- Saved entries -
-=-=-
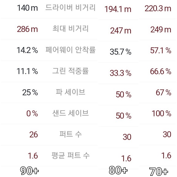 골프존과 같은 스크린골프 게임이 아닌 실제 라운드에서도 90타대 플레이어와 70타대 플레이어의 GIR 차이 역시 위 표와 비슷한 양상을 보입니다. 필드에서 70타대 플레이어는 보통 일부 프로이거나 고급 아마추어 골퍼로 간주되며, 이들은 대부분의 홀에서 그린 인 레귤레이션을 성공할 가능성이 높습니다. 70타대 플레이어는 대략 60% 이상의 GIR 비율을 가진다고 합니다. 반면, 90타대 플레이어는 보통 중급 골퍼로 간주되며, 그들의 GIR 비율은 훨씬 낮을 것입니다. 90타대 플레이어의 GIR 비율은 대략 30% 부근 이거나 그 이하일 가능성이 아주 높습니다. 만약 여러분의 그린 적중률이 아주 높은데도 불구하고 스코어가 나쁘다면 퍼팅라인을 읽는 법과 정화하게 퍼팅하는 연습을 더 열심히 하시는 게 좋겠습니다. 하지만 반대로 여러분의 그린적중률이 낮은데도 불구하고 스코어가 아주 좋다면 퍼팅 실력이 아주 좋은 편이니 샷의 정확도를 올리는 연습을 더 많이 할 것을 추천합니다.
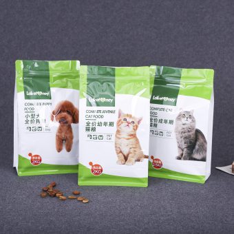宠物食品包装方式多种多样,但是于类宠物食品包装基本上采用材料,有纸塑复合、塑塑复合和铝塑复合包装袋。
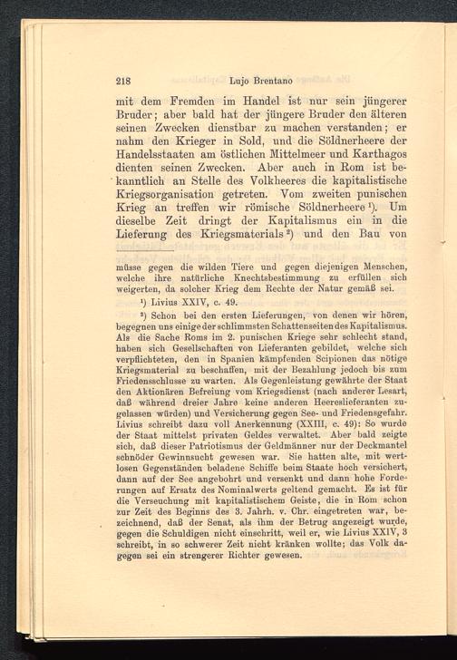 mit dem Fremden im Handel ist nur sein jüngererBruder; aber bald hat der jüngere Bruder den älterenseinen Zwecken dienstbar zu machen verstanden; ernahm den Krieger in Sold, und die Söldnerheere derHandelsstaaten am östlichen Mittelmeer und Karthagosdienten seinen Zwecken. Aber auch in Rom ist be-kanntlich an Stelle des Volkheeres die kapitalistischeKriegsorganisation getreten. Vom zweiten punischenKrieg an treffen wir römische Söldnerheere ! ). Umdieselbe Zeit dringt der Kapitalismus ein in dieLieferung des Kriegsmaterials 2 ) und den Bau von
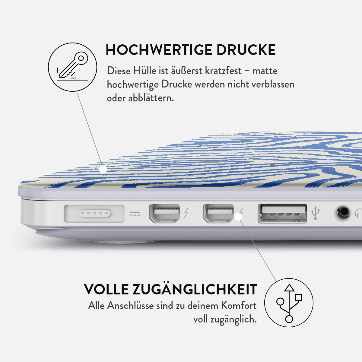 In jedem Fall ist die BURGA MacBook-Hülle ein unverzichtbares Accessoire für dein tägliches mobiles Arbeitstier. Sie wird mit zwei separaten Abdeckungen für die Ober- und Unterseite deines Laptops geliefert und bietet so einen 360°-Schutz. Trotzdem behält sie ihr schlankes Profil bei und lässt dein MacBook nicht klobig wirken. Die untere Abdeckung hat außerdem eine Belüftung, damit dein Laptop nicht überhitzt, wenn du zum Beispiel... nun ja... auf dem Schoß sitzt! Was willst du noch von einer MacBook-Hülle? Richtig - leicht zugängliche Anschlüsse. Auch dafür haben wir gesorgt.
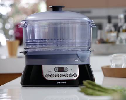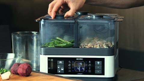 L'élégante chaudière double comprend 3 bols, vous permettant de cuisiner plusieurs plats à la fois. L'appareil est équipé d'un système d'arrêt automatique, d'une protection fiable et du programme intellectuel IQ STEAM. Grâce à cela, le modèle détermine indépendamment le temps de cuisson. De plus, la chaudière à vapeur est équipée de 7 programmes. Ils peuvent être ajustés manuellement. L'appareil dispose également d'un écran multifonction, facilitant le processus de création de plats. Une fois prêt, la chaleur des aliments est stockée pendant 30 à 40 minutes supplémentaires.
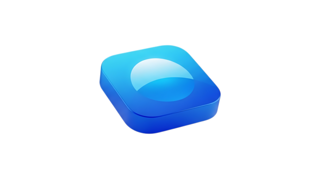 Glowing blue cube with a white crescent shape isolated on transparent background
-=-=-
- WHAT IS NEEDED -
Output the data above exactly, beginning at its first line and ending with the line that holds "In jedem Fall". Leave out the pictures and add nothing.

- RESPONSE TO THE EXERCISE -
 골프존과 같은 스크린골프 게임이 아닌 실제 라운드에서도 90타대 플레이어와 70타대 플레이어의 GIR 차이 역시 위 표와 비슷한 양상을 보입니다. 필드에서 70타대 플레이어는 보통 일부 프로이거나 고급 아마추어 골퍼로 간주되며, 이들은 대부분의 홀에서 그린 인 레귤레이션을 성공할 가능성이 높습니다. 70타대 플레이어는 대략 60% 이상의 GIR 비율을 가진다고 합니다. 반면, 90타대 플레이어는 보통 중급 골퍼로 간주되며, 그들의 GIR 비율은 훨씬 낮을 것입니다. 90타대 플레이어의 GIR 비율은 대략 30% 부근 이거나 그 이하일 가능성이 아주 높습니다. 만약 여러분의 그린 적중률이 아주 높은데도 불구하고 스코어가 나쁘다면 퍼팅라인을 읽는 법과 정화하게 퍼팅하는 연습을 더 열심히 하시는 게 좋겠습니다. 하지만 반대로 여러분의 그린적중률이 낮은데도 불구하고 스코어가 아주 좋다면 퍼팅 실력이 아주 좋은 편이니 샷의 정확도를 올리는 연습을 더 많이 할 것을 추천합니다.
宠物食品包装方式多种多样,但是于类宠物食品包装基本上采用材料,有纸塑复合、塑塑复合和铝塑复合包装袋。
 mit dem Fremden im Handel ist nur sein jüngererBruder; aber bald hat der jüngere Bruder den älterenseinen Zwecken dienstbar zu machen verstanden; ernahm den Krieger in Sold, und die Söldnerheere derHandelsstaaten am östlichen Mittelmeer und Karthagosdienten seinen Zwecken. Aber auch in Rom ist be-kanntlich an Stelle des Volkheeres die kapitalistischeKriegsorganisation getreten. Vom zweiten punischenKrieg an treffen wir römische Söldnerheere ! ). Umdieselbe Zeit dringt der Kapitalismus ein in dieLieferung des Kriegsmaterials 2 ) und den Bau von
 In jedem Fall ist die BURGA MacBook-Hülle ein unverzichtbares Accessoire für dein tägliches mobiles Arbeitstier. Sie wird mit zwei separaten Abdeckungen für die Ober- und Unterseite deines Laptops geliefert und bietet so einen 360°-Schutz. Trotzdem behält sie ihr schlankes Profil bei und lässt dein MacBook nicht klobig wirken. Die untere Abdeckung hat außerdem eine Belüftung, damit dein Laptop nicht überhitzt, wenn du zum Beispiel... nun ja... auf dem Schoß sitzt! Was willst du noch von einer MacBook-Hülle? Richtig - leicht zugängliche Anschlüsse. Auch dafür haben wir gesorgt.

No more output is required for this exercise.